Pitfalls and runtime failures
Service discovery introduces concurrency and network dependencies. Bugs here are subtle and painful.
Goroutine leaks happen when the refresh loop doesn't exit. If you forget to select on ctx.Done(), the goroutine runs forever. The program hangs on shutdown. Always have a cancellation path. If you forget to import context, the compiler rejects the program with undefined: context. If you forget to use a variable, you get imported and not used.
Thundering herd is a real risk. If you deploy 1000 instances of your service and they all refresh every 30 seconds, they might all hit the registry at the exact same moment. The registry crashes. Add jitter to the refresh interval. Sleep for 30s + random(0-5s) so requests spread out over time.
DNS caching can mask failures. If you use net.LookupIP, the OS controls the cache. You might not see new instances until the TTL expires. If you need immediate updates, use a custom resolver or a dedicated registry.
The compiler helps with type safety. If you try to pass a context.Context where a string is expected, you get cannot use ctx (type context.Context) as string value in argument. If you forget to capture a loop variable in a goroutine, you get loop variable i captured by func literal. These errors save you from runtime bugs.
Jitter saves registries. Context saves goroutines. Handle both.
Decision matrix
Service discovery is not one-size-fits-all. Pick the approach that matches your infrastructure and requirements.
Use DNS-based discovery when your infrastructure already supports dynamic DNS updates and you want zero external dependencies.

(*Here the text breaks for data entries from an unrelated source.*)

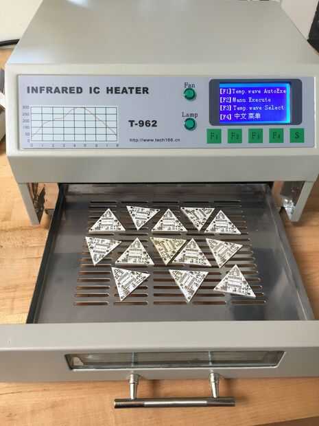 Flujo-soldar los cristales SMD que no eran fáciles de soldadura de mano con el nuevo horno de reflujo en el muelle 9. Mano-soldar todos los componentes: porque no tengo una galería de símbolos de soldadura buena esto era simplemente tan rápido.
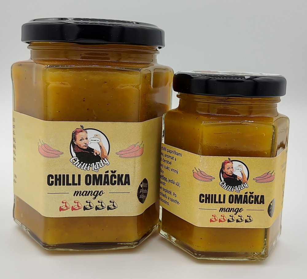 Mangová omáčka s chilli papričkami bez chemických barviv, aromat a konzervantů.
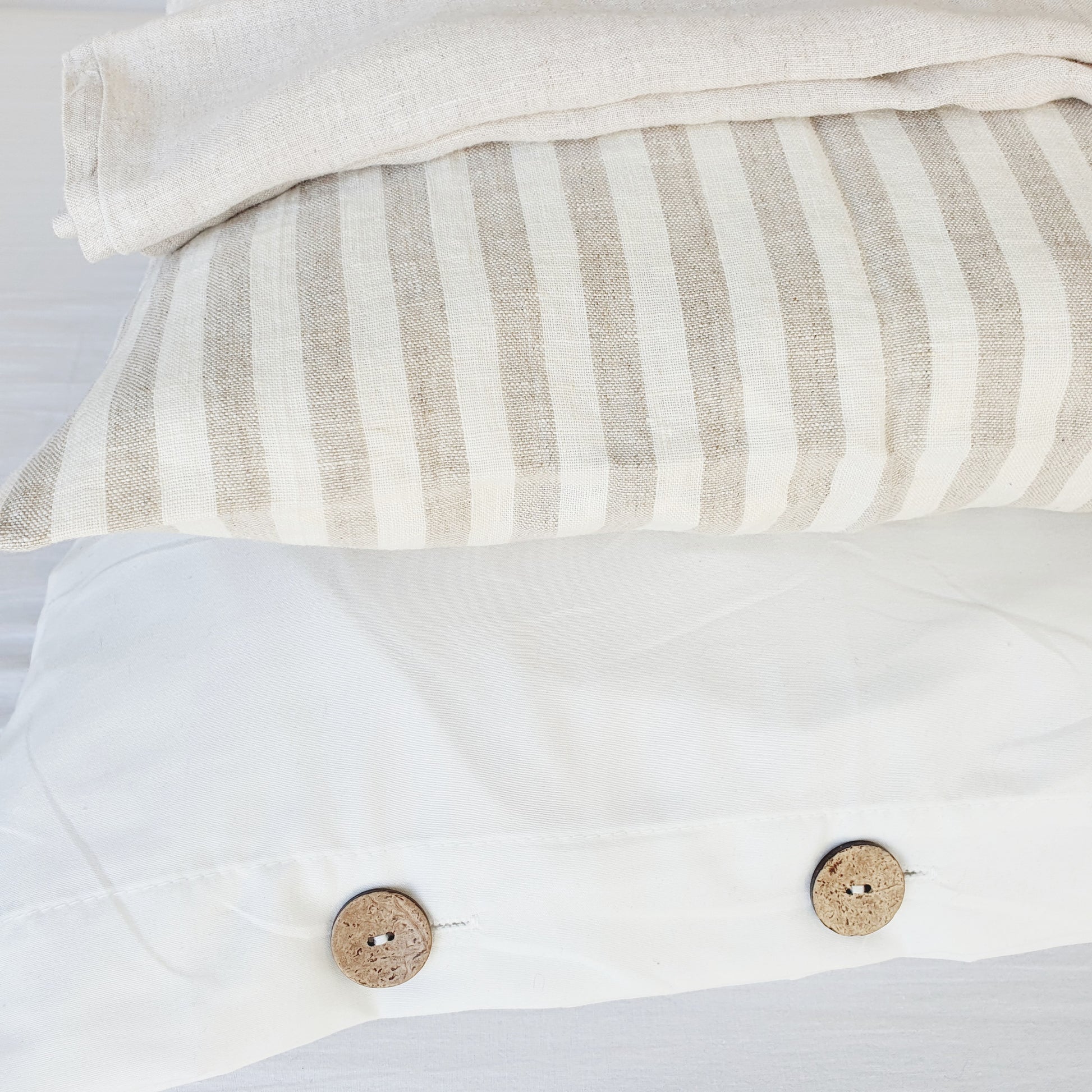 Gebroken wit gestreept linnen kussenhoes
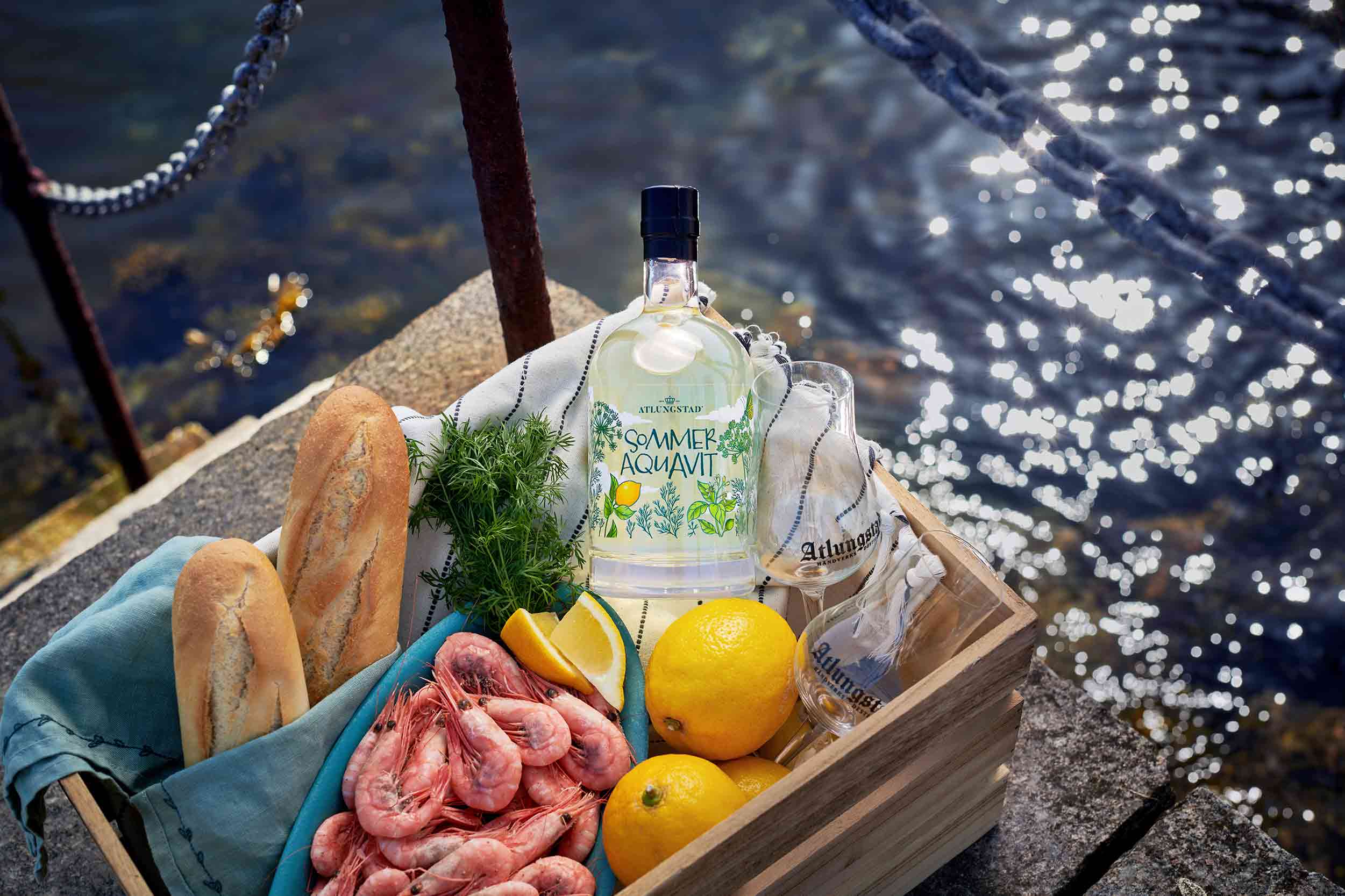 Jo lettere mat, jo lysere bør akevitten være. Derfor har Atlungstad Håndverksdestilleri nå utviklet en egen Sommer Aquavit. Akevitten er laget av sprit fra norske poteter og er smaksatt med dill og krondill fra Skjærgård gartneri i Vestfold. Skall fra 70 kg økologiske sitroner er også brukt til å gi akevitten lette og friske toner og behagelig ettersmak, og disse ble skrelt for hånd.
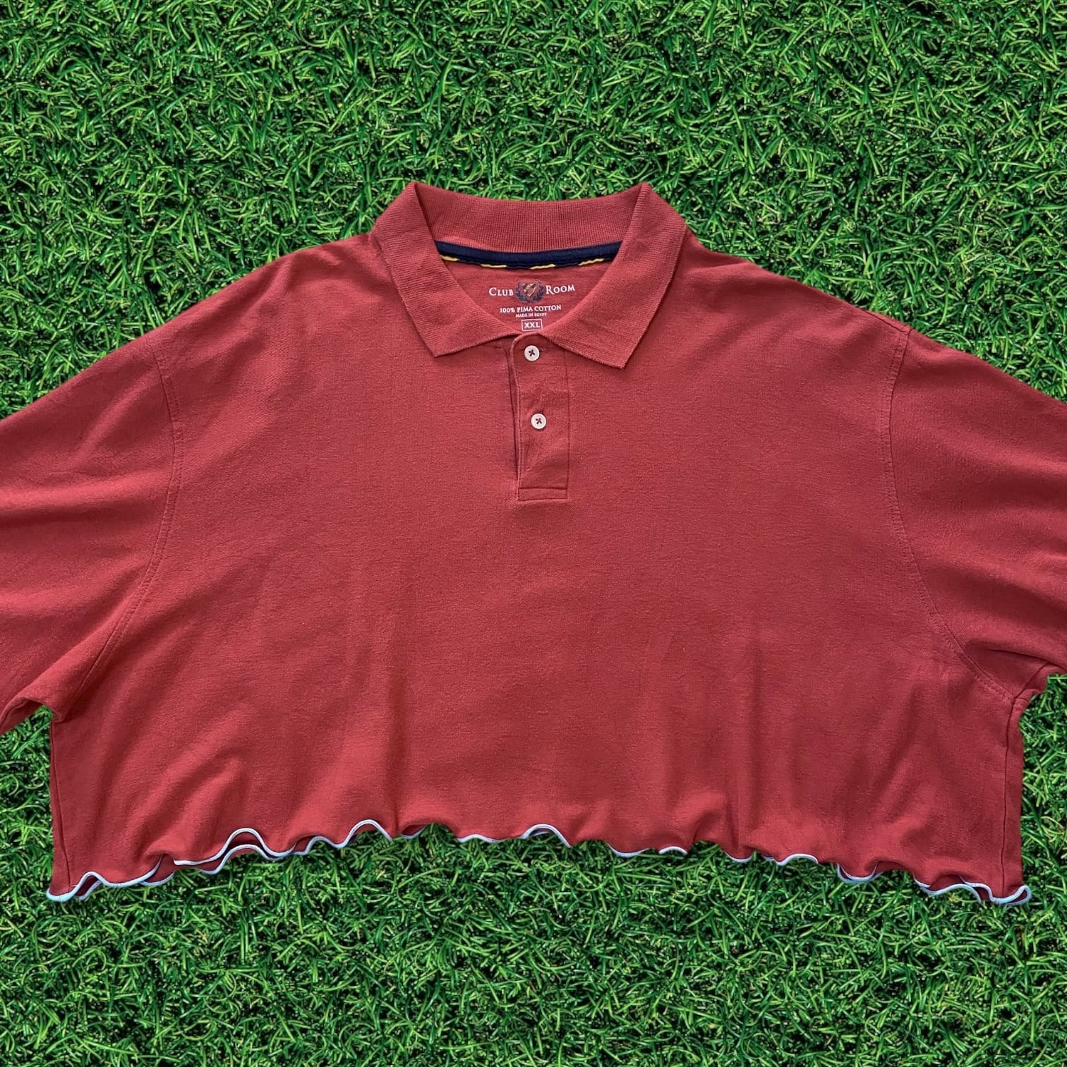 【リメイク古着】再構築USAポロシャツ×ストライプシャツ袖メローフリル
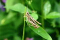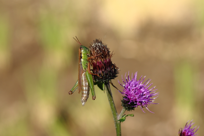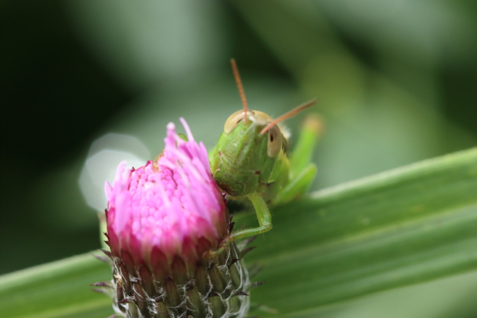 こちらは成虫です。なぜかノハラアザミにしがみついています。体は緑色で、黒線が頭部後方から腹部まで側面を走り、褐色の翅は腹端近くまで伸びています。
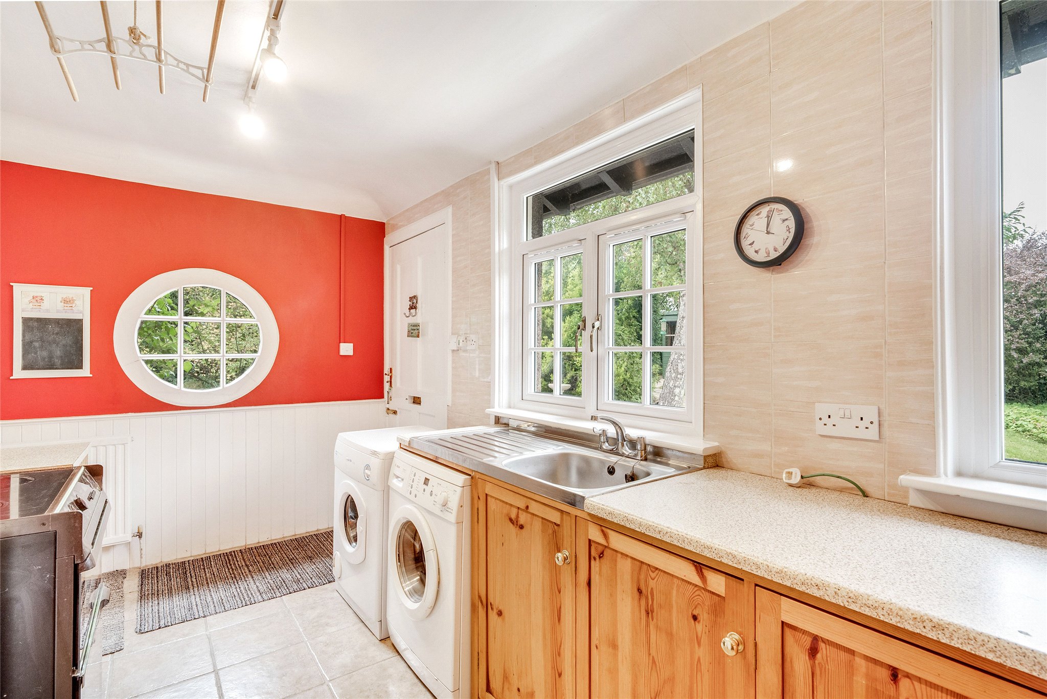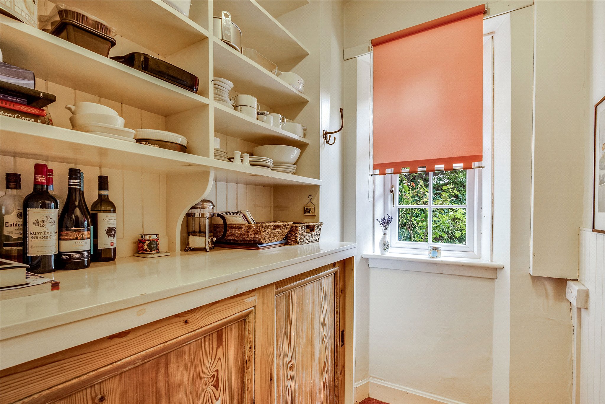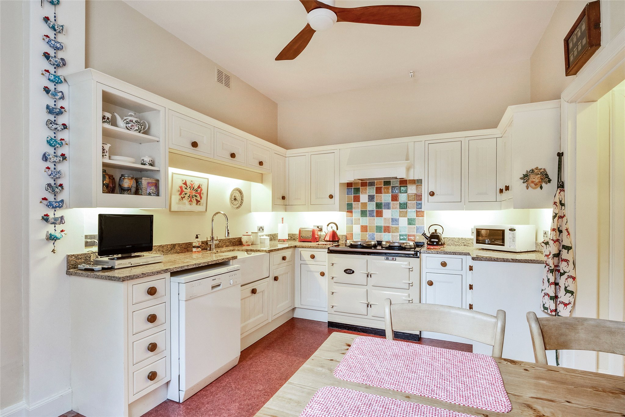 Inside, the ground floor flows naturally from the central hall. A generous lounge and dining area run the length of the house, enhanced by bay windows, lofty 10’ ceilings, original cornicing, and a handsome wood-burning stove. Off the hallway are a cloakroom with WC, a Butler’s pantry, and a wine store. The kitchen, fitted with country-style cabinetry and an AGA, forms a welcoming family hub with room for informal dining and links directly to a large utility/scullery with access to the patio and gardens.

Use a dedicated registry like Consul or Etcd when you need health checks, key-value storage, or fine-grained control over service metadata.
Use Kubernetes Endpoints when you are running inside a cluster and want to leverage the built-in service mesh without managing a separate registry.
Use static configuration when your topology is fixed and changes require a full redeploy; the simplest solution is often the best.
Match the discovery tool to the infrastructure. Complexity is a tax; pay it only when you get value.